My personal favorite is about G.H. Hardy. Hardy was an English mathematician who worked in classical analysis and analytic number theory. One of the problems he devoted tremendous effort to is the Riemann Zeta problem. This problem is still unsolved today, as it has been for ~150 years. It's almost surely the most famous unsolved math problem. You may have heard of it as it's been covered in the NY Times a few times in the past two years, PBS has done a series on it and there are two popular math books published in the past two years on it. The Clay Mathematics Institute is offering one million dollars to the first mathematician to solve it.
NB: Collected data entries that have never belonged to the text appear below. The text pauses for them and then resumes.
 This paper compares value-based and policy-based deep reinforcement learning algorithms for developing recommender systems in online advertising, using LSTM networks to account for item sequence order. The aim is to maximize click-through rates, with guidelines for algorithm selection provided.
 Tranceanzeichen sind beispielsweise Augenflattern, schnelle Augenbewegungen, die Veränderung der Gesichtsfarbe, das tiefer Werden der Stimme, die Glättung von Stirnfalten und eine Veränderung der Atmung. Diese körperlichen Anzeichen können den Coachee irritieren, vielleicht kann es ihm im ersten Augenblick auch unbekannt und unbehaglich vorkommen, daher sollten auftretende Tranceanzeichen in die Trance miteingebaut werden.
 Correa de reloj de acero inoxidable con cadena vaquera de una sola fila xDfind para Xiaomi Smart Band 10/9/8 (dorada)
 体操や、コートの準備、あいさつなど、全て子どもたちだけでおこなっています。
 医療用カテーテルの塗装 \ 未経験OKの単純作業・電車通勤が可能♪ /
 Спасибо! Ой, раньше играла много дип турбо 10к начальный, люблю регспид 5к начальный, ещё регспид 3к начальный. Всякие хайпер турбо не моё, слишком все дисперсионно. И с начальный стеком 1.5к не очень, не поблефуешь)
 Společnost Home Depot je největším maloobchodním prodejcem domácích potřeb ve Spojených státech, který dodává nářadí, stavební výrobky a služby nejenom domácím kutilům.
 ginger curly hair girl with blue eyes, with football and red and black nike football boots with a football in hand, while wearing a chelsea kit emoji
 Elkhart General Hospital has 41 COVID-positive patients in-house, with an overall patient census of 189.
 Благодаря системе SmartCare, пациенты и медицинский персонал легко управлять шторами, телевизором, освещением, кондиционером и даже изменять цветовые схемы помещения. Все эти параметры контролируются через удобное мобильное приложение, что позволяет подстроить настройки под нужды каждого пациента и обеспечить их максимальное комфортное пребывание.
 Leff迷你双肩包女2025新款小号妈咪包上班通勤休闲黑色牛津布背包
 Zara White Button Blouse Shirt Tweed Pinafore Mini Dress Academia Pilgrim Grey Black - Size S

Hardy liked to travel. He took a trip to Denmark once to see Harold Bohr (mathematician brother of the physicist Niels Bohr). He was to travel back to England by sea but the North Sea is notoriously dangerous and the forecast was particularly bad. Hardy was a devout athiest but believed that God had a personal grudge against Hardy(!). Hardy believed this so firmly that he believed God wanted Hardy to have no glory. So Hardy wrote a postcard to his friend J. Littlewood saying "Riemann Zeta hypothesis. I have proven it. Details when I return. Regards, G.H." The idea being that the mathematical community would believe Hardy but God wouldn't cause Hardy's ship to sink because Hardy would die with the glory of having the world believe he solved the Riemann Zeta problem.

[Jeff W]

Hahahaha, that is among the greatest anecdotes I've ever heard.

[Luzion]

I agree. Great story. [img]/images/graemlins/grin.gif[/img]